A patient’s parents asked me if I was 25 yesterday. She herself was my same age range and beautiful. I was shocked. She was going to request an older doctor. I looked at her and said, “OMG you made my year!” She asked me what I ate. I told her that I eat plant-based, try to eat lots of vegetables and I walk along the beach when I can. I told her that I’m a climate and health activist and I just decided to be happy two years ago after listening to the waves. Those serenpiditous moments are so beautiful and yesterday was filled with them. But honestly, I can find those moments everywhere these days. And I won’t ever have to find them having to work the evening because someone called out anymore. I won’t. Because I’ll be moving on to other things and we’ll all be backup more again.
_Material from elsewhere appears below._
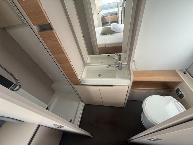 Polster Stone Island, Fußbodentemp., Alde Heizung, Truma Duo Control CS, Mover Reich Easydriver Pro 2.0, Autark 12V AGM Batterie, Dachklima Aventa Compact Plus, Radträger Thule SuperB 2-Fach, Kühlschrank 155L, Antischlingerkupplung, Stoßdämpfer, Abwassertank rollbar, Bluetooth Sound System, reparierter Wasserschadem (über Garantie), TÜV, Gasprüfung und neue Reifen beim Kauf!

So excited about projects on the farm, and I’m working on a local event center and flex space project!!! When one door closes, another opens. And I can make more money on these outside work projects and donate money to the earth. I get my precious time back. 18.75% of my position to be in middle-managment???!!! I’m fundamentally the daughter of my father, and it’s not worth it if your are not the boss or own the business. And whose the boss when it’s the large HMO machinery? Whose pulling in the big bucks and not working? Certainly it’s not Assistant Bosses nor Chief Bosses? I have no idea. Maybe its the faceless emperor behind the curtain like in Wizard of Oz. But I can be my own boss in m own make-believe world. Yes I am. I am the boss of myself! And you are too. You are the boss of your own life.